数学代写|微积分代写Calculus代写|MATH141

数学代写|微积分代写Calculus代写|Evaluating Limits by Direct Substitution

In Example 2(a) we determined that $\lim _{x \rightarrow 5} f(x)=39$, where $f(x)=2 x^2-3 x+4$. Notice that $f(5)=39$; in other words, we would have gotten the correct result simply by substituting 5 for $x$. Similarly, direct substitution provides the correct answer in part (b). The functions in Example 2 are a polynomial and a rational function, respectively, and similar use of the Limit Laws proves that direct substitution always works for such functions (see Exercises 59 and 60). We state this fact as follows.

Functions that have the Direct Substitution Property are called continuous at $a$ and will be studied in Section 2.5. However, not all limits can be evaluated initially by direct substitution, as the following examples show.
EXAMPLE 3 Find $\lim {x \rightarrow 1} \frac{x^2-1}{x-1}$ SOLUTION Let $f(x)=\left(x^2-1\right) /(x-1)$. We can’t find the limit by substituting $x=1$ because $f(1)$ isn’t defined.

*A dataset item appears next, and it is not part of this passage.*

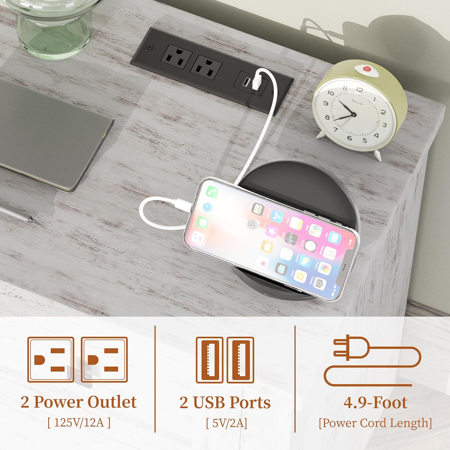 - Charging Function with USB Ports: This nightstand with charging station is arranged with 2 Standard AC Outlets and 2 USB ports. Side table with a hole at the back for organizing cords, making the desk neater while providing convenience for charging your devices such as cell phones, tablets, earphones.

Nor can we apply the Quotient Law, because the limit of the denominator is 0 . Instead, we need to do some preliminary algebra. We factor the numerator as a difference of squares: $$\frac{x^2-1}{x-1}=\frac{(x-1)(x+1)}{x-1}$$ The numerator and denominator have a common factor of $x-1$. When we take the limit as $x$ approaches 1 , we have $x \neq 1$ and so $x-1 \neq 0$. Therefore we can cancel the common factor, $x-1$, and then compute the limit by direct substitution as follows: \begin{aligned} \lim {x \rightarrow 1} \frac{x^2-1}{x-1} &=\lim {x \rightarrow 1} \frac{(x-1)(x+1)}{x-1} \ &=\lim {x \rightarrow 1}(x+1)=1+1=2 \end{aligned}
The limit in this example arose in Example 2.1.1 in finding the tangent to the parabola $y=x^2$ at the point $(1,1)$.

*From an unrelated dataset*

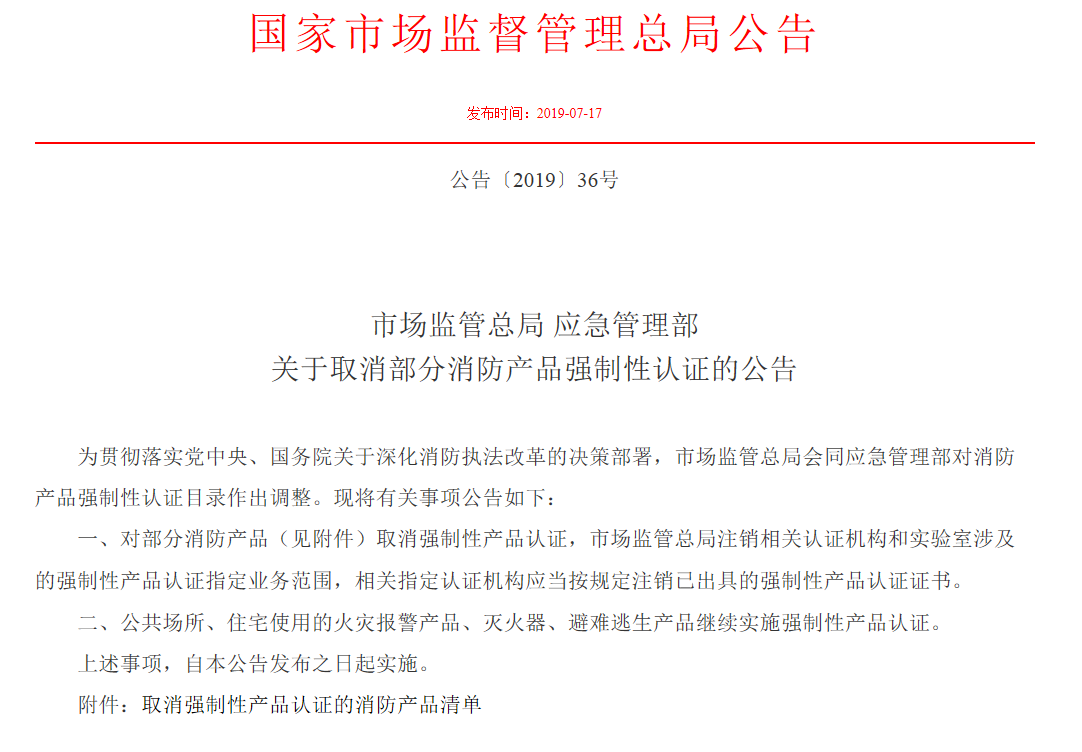 部分消防产品取消强制性认证

NOTE In Example 3 we were able to compute the limit by replacing the given function $f(x)=\left(x^2-1\right) /(x-1)$ by a simpler function, $g(x)=x+1$, that has the same limit. This is valid because $f(x)=g(x)$ except when $x=1$, and in computing a limit as $x$ approaches 1 we don’t consider what happens when $x$ is actually equal to 1 . In general, we have the following useful fact.

数学代写|微积分代写Calculus代写|The Precise Definition of a Limit

To motivate the precise definition of a limit, let’s consider the function
$$f(x)= \begin{cases}2 x-1 & \text { if } x \neq 3 \ 6 & \text { if } x=3\end{cases}$$
Intuitively, it is clear that when $x$ is close to 3 but $x \neq 3$, then $f(x)$ is close to 5 , and so $\lim _{x \rightarrow 3} f(x)=5$.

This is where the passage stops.